Copy out the data below from the line containing "みんなで協力して準備をしてから,技に挑戦しました。" to the line containing "App Cleaner &", both lines included, with all images left out.

* Extracted information
========================================================================

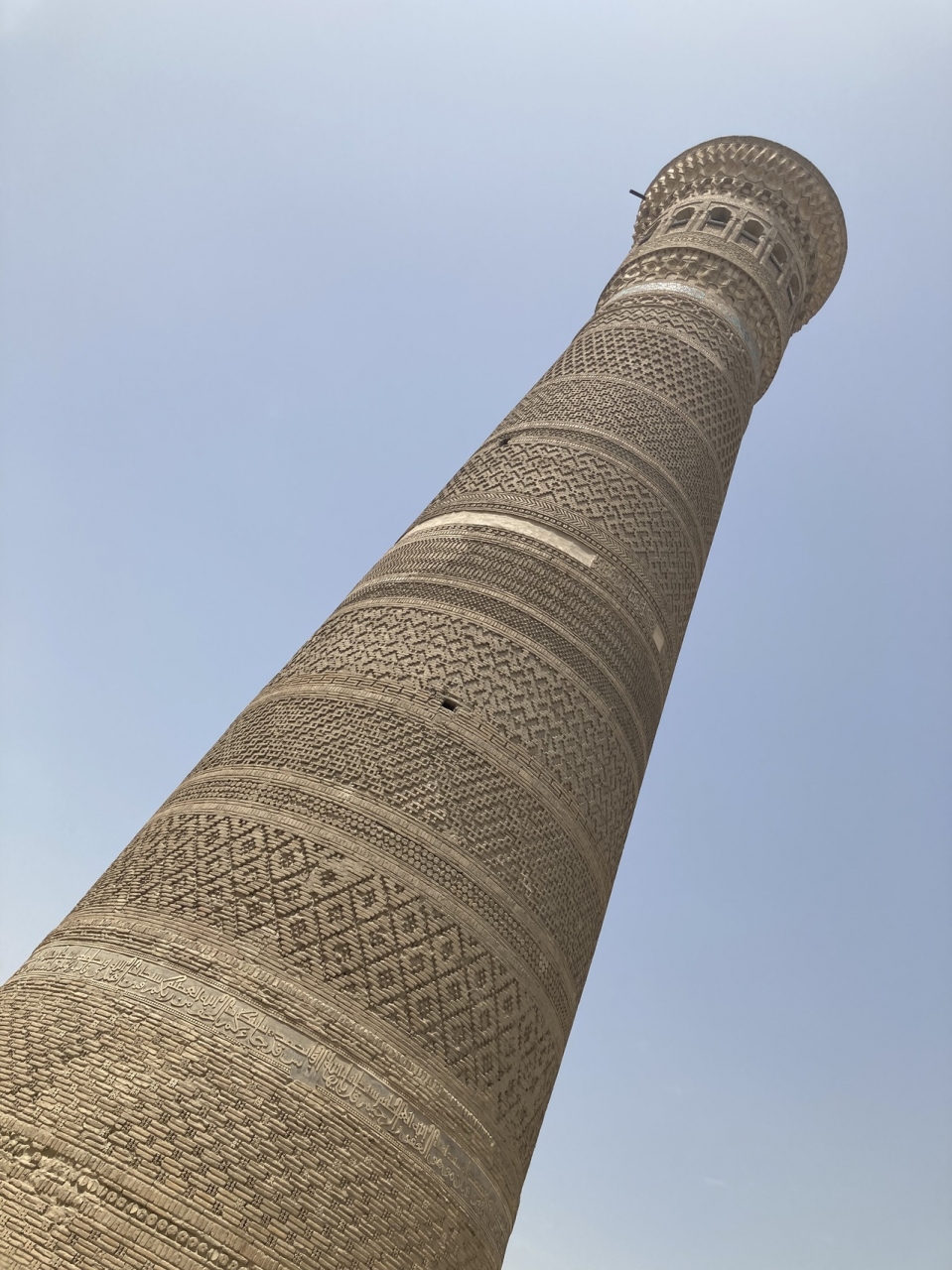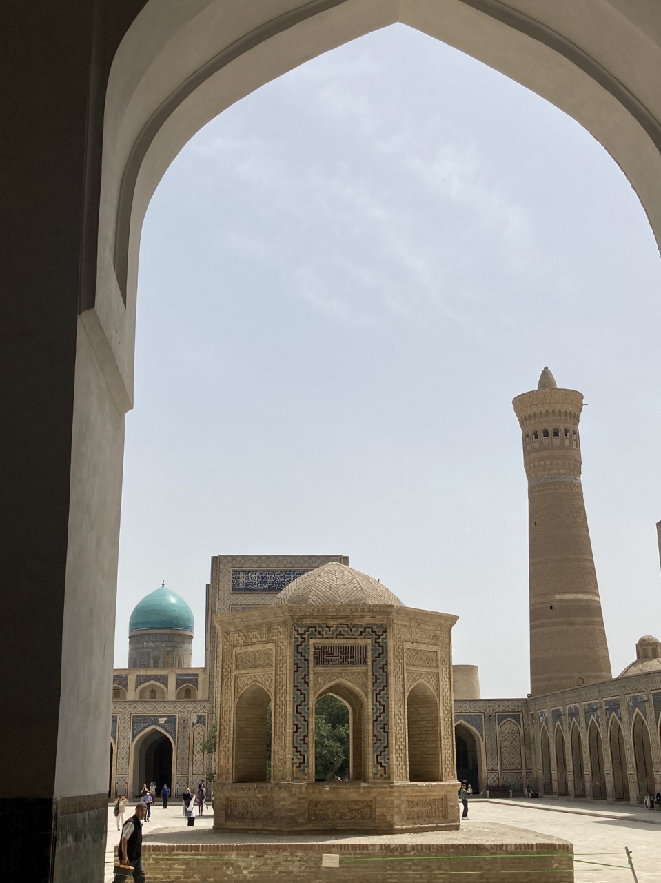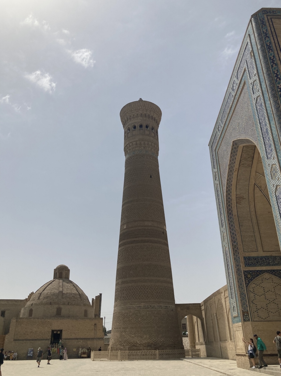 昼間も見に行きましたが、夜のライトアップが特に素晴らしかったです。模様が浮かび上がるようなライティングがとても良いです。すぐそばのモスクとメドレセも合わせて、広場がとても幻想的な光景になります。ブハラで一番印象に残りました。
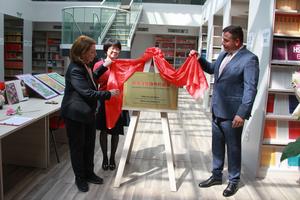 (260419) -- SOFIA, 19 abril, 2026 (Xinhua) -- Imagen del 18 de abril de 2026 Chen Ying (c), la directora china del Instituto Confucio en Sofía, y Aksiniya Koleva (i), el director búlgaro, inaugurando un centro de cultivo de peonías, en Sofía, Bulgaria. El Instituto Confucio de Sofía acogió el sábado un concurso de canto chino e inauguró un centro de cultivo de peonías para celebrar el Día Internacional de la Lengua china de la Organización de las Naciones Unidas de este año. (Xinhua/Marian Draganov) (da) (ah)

========================================================================

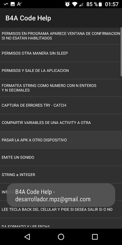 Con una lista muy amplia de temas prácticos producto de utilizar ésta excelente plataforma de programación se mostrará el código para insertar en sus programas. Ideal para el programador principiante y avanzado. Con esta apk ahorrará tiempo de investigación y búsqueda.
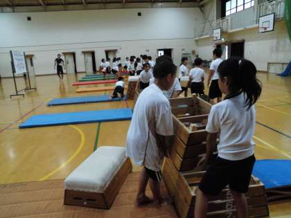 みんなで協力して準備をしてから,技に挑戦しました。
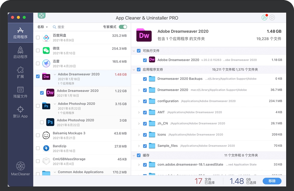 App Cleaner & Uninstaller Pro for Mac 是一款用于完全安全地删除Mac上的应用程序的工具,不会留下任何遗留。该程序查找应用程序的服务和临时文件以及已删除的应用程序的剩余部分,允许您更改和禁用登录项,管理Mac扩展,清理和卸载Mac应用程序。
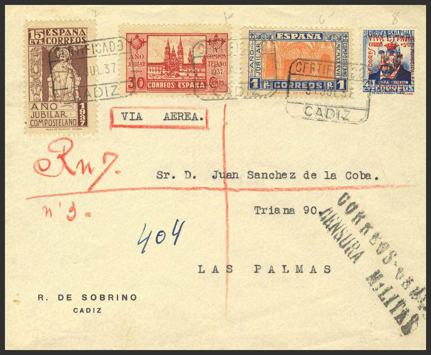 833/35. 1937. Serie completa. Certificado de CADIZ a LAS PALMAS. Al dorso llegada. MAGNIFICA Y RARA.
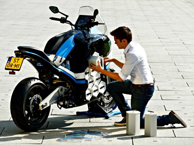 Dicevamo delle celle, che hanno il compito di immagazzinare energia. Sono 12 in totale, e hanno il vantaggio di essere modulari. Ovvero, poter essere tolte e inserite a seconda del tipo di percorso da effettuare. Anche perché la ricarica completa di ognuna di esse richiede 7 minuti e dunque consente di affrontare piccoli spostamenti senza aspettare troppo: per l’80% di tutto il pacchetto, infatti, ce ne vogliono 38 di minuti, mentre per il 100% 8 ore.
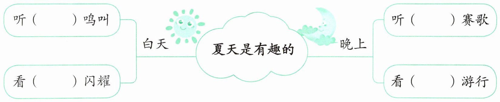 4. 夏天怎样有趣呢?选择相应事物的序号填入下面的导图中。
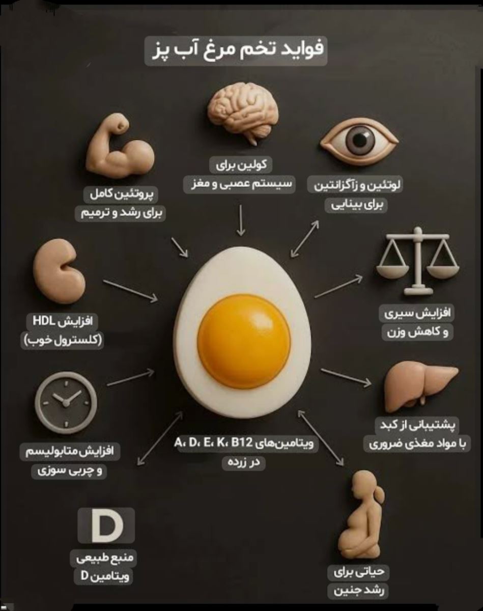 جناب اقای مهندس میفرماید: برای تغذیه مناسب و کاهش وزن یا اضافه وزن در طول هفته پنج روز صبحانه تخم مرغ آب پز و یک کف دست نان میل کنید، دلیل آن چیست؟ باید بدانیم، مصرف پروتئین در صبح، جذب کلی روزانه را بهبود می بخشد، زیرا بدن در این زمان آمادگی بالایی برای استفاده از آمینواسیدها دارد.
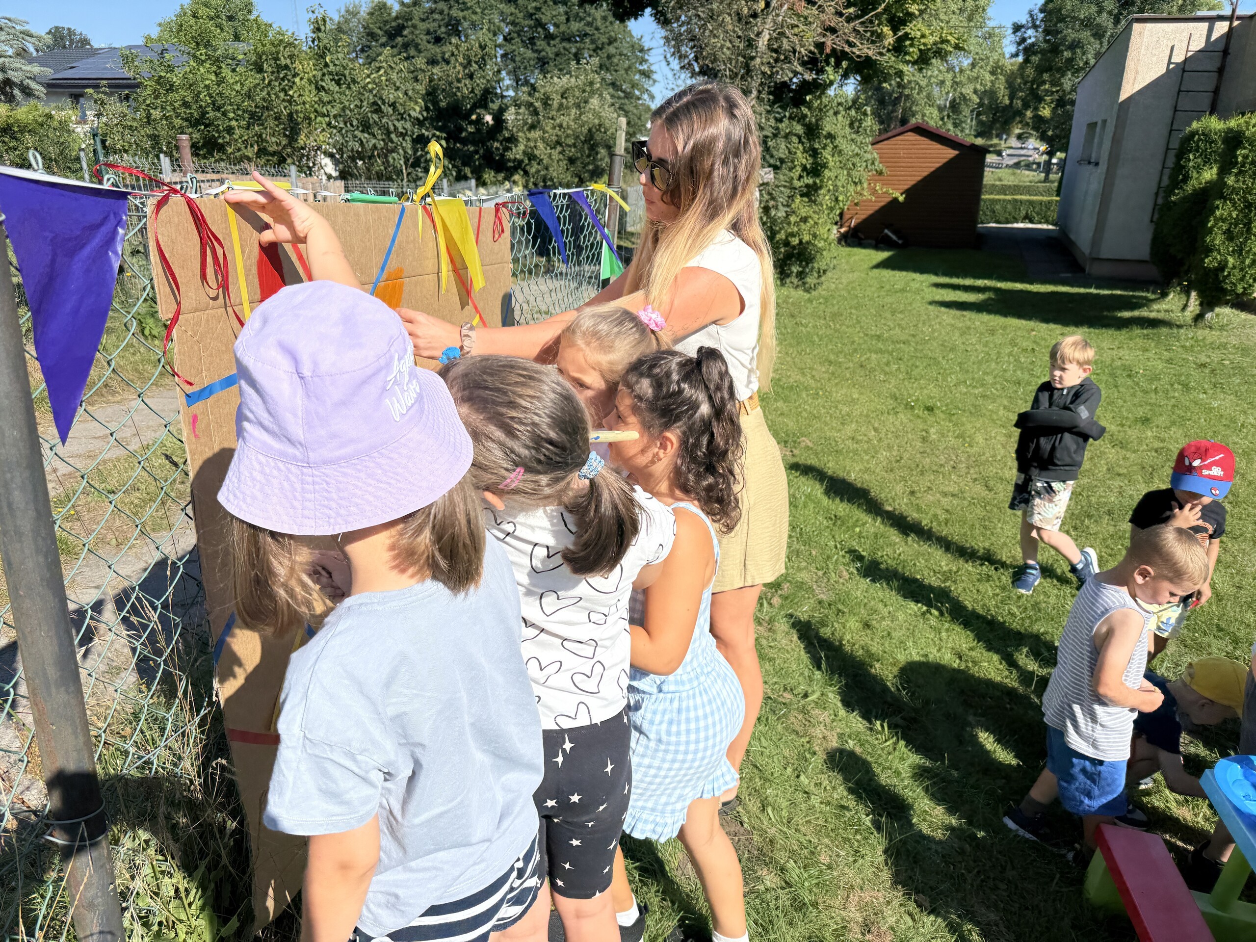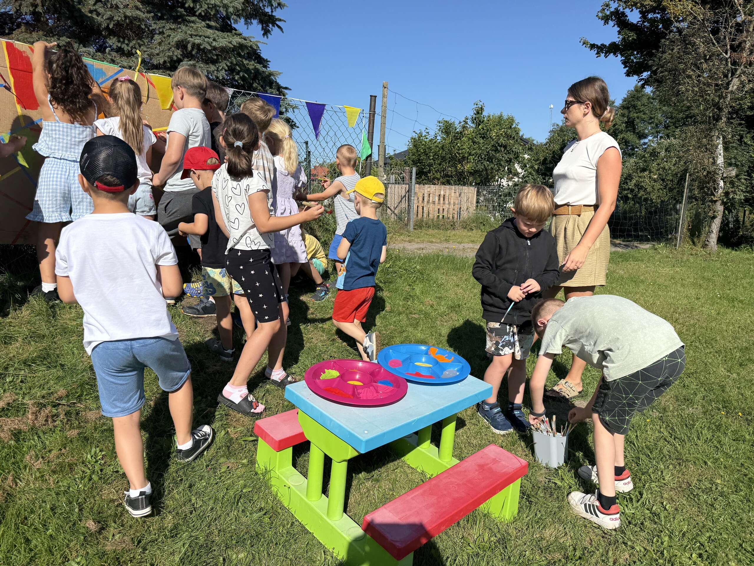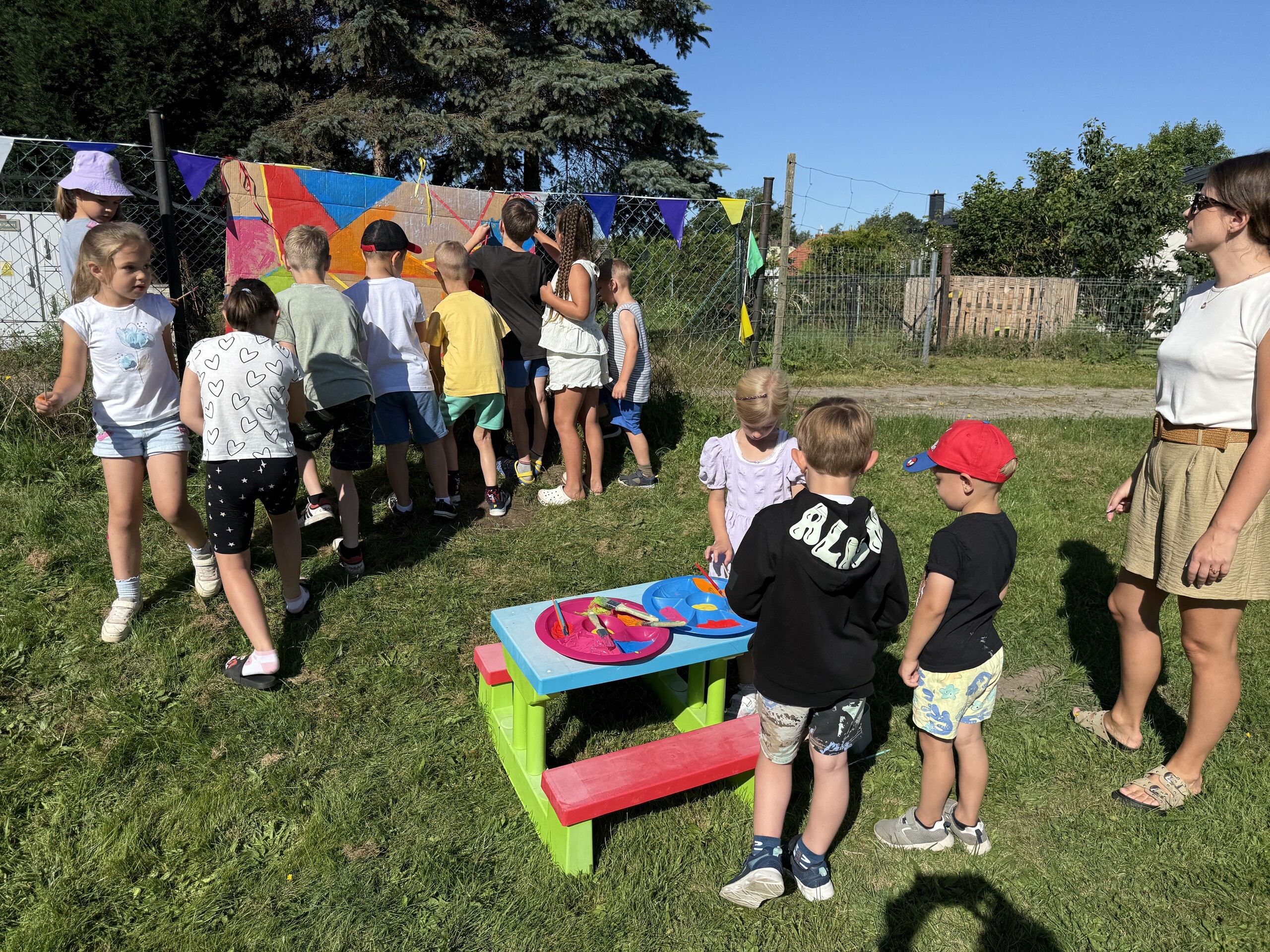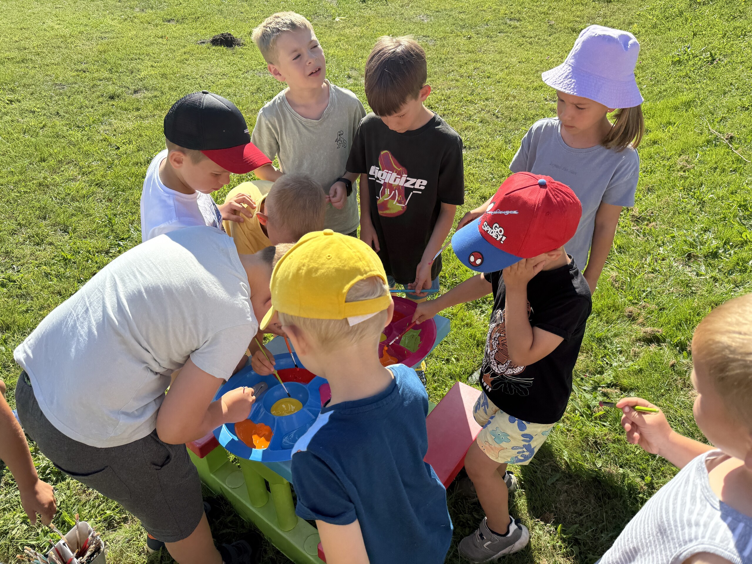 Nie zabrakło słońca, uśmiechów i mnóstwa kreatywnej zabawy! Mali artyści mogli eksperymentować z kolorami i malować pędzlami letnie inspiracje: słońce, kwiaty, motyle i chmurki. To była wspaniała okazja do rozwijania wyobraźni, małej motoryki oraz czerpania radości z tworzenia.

========================================================================

* Problem solution
 みんなで協力して準備をしてから,技に挑戦しました。
 App Cleaner & Uninstaller Pro for Mac 是一款用于完全安全地删除Mac上的应用程序的工具,不会留下任何遗留。该程序查找应用程序的服务和临时文件以及已删除的应用程序的剩余部分,允许您更改和禁用登录项,管理Mac扩展,清理和卸载Mac应用程序。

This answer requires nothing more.